Authors Sue Adobe Over AI Training With Pirated Books
Adobe Faces Lawsuit Over Alleged Use of Pirated Books in AI Training
Tech giant Adobe finds itself embroiled in controversy as Oregon author Elizabeth Lyon files a class-action lawsuit accusing the company of using illegally obtained books to train its SlimLM artificial intelligence model.
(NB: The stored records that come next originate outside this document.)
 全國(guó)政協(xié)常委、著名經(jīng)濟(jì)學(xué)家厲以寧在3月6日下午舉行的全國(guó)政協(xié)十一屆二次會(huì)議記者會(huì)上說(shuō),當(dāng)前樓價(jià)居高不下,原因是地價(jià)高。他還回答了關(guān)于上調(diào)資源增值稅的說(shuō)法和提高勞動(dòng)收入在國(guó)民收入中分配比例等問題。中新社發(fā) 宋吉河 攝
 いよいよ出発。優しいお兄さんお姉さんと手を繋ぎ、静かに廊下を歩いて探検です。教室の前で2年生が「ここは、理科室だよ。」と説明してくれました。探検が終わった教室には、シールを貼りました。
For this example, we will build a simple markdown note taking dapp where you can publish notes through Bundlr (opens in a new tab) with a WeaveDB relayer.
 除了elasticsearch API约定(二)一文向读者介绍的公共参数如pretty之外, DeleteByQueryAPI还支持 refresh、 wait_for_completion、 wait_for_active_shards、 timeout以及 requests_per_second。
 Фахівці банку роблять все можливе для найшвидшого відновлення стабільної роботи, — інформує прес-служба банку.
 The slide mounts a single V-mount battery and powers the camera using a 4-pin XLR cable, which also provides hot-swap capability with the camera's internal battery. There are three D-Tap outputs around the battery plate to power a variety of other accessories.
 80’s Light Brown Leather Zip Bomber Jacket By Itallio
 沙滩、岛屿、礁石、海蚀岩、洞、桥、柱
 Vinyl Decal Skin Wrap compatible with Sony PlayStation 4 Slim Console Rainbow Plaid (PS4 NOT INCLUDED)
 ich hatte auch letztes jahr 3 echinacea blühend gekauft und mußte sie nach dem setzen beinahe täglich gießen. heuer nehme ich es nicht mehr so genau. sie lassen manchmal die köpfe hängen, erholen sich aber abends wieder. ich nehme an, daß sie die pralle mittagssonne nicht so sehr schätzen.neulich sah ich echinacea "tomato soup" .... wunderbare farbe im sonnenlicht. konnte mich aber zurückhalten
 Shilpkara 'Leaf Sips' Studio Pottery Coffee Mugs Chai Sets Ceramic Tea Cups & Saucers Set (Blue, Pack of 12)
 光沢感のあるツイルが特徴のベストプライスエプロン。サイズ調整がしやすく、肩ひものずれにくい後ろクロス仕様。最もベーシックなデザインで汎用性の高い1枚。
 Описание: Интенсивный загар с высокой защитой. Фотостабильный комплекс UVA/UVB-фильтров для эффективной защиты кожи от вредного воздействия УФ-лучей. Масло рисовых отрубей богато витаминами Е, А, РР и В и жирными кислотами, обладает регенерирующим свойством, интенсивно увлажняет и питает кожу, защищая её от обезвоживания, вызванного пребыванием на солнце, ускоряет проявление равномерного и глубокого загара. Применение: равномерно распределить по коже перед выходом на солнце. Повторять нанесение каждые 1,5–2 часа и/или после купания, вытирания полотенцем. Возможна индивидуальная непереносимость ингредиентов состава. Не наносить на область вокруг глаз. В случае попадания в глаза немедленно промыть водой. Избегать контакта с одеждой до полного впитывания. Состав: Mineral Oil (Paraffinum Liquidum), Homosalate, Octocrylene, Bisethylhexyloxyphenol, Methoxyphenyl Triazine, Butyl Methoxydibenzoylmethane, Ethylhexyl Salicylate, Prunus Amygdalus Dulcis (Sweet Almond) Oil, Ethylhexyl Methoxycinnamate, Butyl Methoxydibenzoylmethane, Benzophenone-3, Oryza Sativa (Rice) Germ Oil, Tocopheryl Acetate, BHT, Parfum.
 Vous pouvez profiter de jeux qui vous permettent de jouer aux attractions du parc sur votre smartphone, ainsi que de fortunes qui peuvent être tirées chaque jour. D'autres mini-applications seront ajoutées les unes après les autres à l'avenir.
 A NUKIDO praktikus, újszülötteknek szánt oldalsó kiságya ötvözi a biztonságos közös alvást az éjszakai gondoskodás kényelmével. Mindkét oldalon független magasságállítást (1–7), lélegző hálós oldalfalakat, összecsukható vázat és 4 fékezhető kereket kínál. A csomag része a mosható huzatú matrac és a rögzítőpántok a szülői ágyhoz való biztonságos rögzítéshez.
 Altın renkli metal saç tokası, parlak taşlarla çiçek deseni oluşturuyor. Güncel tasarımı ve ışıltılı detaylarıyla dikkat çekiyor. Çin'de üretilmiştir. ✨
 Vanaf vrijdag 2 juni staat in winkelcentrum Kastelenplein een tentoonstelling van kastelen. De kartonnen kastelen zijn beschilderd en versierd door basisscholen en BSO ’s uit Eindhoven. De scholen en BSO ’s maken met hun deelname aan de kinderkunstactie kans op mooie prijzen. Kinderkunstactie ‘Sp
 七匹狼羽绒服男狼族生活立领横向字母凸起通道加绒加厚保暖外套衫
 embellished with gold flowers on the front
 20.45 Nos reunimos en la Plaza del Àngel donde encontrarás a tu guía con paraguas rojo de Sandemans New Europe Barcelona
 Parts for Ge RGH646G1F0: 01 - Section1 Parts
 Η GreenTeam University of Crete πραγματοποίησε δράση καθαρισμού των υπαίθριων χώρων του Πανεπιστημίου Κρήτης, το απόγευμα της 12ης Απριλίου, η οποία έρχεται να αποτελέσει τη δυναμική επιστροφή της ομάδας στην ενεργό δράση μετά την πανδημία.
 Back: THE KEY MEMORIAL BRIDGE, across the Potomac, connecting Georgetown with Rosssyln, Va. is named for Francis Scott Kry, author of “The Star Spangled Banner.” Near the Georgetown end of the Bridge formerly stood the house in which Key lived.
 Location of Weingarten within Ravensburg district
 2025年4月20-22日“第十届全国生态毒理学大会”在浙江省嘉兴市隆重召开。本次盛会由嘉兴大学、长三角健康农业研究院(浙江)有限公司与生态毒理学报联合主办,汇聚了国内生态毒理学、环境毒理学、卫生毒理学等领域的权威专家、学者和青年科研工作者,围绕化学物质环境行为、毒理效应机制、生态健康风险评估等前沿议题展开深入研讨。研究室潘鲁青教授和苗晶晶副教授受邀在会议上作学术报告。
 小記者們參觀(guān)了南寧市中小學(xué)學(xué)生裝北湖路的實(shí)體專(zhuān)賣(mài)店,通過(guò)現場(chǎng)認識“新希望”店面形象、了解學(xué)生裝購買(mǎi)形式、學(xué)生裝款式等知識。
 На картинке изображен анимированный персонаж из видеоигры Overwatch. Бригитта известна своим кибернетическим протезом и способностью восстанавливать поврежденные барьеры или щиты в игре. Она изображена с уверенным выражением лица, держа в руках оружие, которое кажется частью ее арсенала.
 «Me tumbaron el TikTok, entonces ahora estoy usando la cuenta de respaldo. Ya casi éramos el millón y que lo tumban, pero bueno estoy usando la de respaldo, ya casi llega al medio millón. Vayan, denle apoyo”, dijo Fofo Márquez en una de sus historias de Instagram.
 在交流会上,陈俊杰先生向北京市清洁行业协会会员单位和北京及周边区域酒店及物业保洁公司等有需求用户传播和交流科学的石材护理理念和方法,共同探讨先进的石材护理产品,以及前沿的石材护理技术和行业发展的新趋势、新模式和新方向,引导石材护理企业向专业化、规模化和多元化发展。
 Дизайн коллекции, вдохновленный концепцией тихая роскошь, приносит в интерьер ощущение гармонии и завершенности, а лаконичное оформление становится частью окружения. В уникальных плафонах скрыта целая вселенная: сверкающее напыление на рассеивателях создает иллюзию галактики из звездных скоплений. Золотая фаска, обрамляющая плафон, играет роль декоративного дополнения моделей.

The case shines new light on the ongoing battle between content creators and tech companies over copyright protections in the AI era.
The Core Allegations
Lyon, who writes nonfiction writing guides, claims Adobe incorporated her pirated works into SlimLM's training data without permission or compensation. Court documents allege Adobe relied on problematic datasets that trace back to Books3 - a collection containing approximately 191,000 copyrighted books allegedly scraped from pirate sites.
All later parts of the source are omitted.